## TASK TO COMPLETE
In the entries below, begin at the line that has "PALU4D – Selamat" and stop after the line that has "GHAZI PUR | |||"; output those lines exactly, leaving out pictures.

## RECORDS PROVIDED

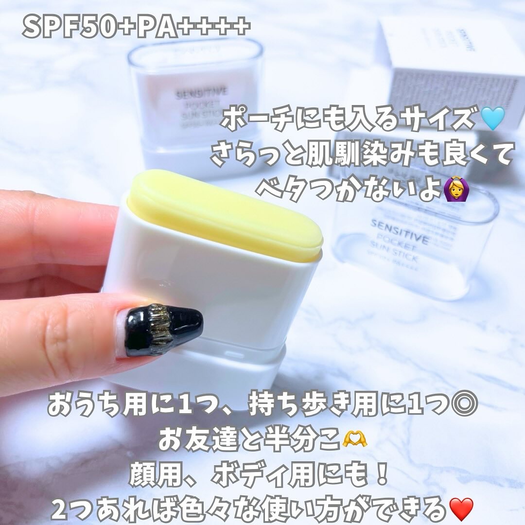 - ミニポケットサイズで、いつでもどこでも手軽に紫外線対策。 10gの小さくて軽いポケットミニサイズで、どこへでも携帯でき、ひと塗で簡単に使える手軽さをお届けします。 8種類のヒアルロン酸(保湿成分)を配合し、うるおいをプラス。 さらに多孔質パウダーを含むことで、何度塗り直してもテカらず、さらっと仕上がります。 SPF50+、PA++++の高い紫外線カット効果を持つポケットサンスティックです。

--

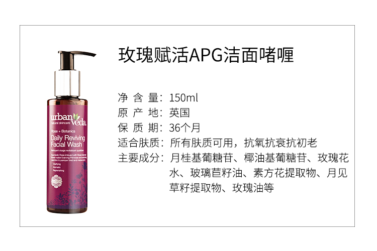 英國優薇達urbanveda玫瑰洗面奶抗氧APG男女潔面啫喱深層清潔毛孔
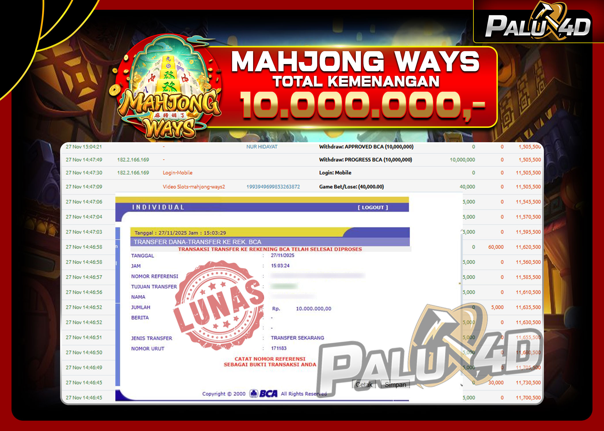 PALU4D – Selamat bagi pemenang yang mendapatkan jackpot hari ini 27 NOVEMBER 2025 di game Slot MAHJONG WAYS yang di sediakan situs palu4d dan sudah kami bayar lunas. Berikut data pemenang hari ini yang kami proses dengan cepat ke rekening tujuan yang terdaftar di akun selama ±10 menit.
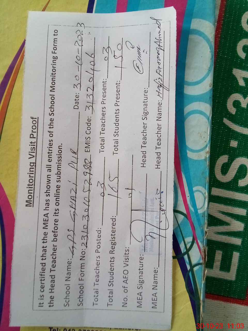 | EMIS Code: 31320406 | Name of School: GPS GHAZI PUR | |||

...

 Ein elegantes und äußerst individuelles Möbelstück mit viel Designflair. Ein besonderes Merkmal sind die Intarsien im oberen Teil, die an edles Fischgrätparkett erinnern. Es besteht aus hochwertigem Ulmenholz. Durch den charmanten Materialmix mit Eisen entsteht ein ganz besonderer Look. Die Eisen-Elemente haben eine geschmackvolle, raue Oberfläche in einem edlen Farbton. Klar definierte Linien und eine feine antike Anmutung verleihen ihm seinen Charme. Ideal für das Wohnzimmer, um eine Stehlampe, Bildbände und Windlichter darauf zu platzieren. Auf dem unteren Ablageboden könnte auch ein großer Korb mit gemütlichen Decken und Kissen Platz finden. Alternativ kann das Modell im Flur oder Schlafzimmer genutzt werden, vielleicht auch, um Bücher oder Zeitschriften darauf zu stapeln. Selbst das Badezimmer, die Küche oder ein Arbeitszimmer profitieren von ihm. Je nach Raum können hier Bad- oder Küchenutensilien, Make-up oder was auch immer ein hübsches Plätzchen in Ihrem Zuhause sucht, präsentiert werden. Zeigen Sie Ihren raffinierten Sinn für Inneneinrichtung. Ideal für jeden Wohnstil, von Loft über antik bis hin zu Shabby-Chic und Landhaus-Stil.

## FINAL ANSWER
 PALU4D – Selamat bagi pemenang yang mendapatkan jackpot hari ini 27 NOVEMBER 2025 di game Slot MAHJONG WAYS yang di sediakan situs palu4d dan sudah kami bayar lunas. Berikut data pemenang hari ini yang kami proses dengan cepat ke rekening tujuan yang terdaftar di akun selama ±10 menit.
 | EMIS Code: 31320406 | Name of School: GPS GHAZI PUR | |||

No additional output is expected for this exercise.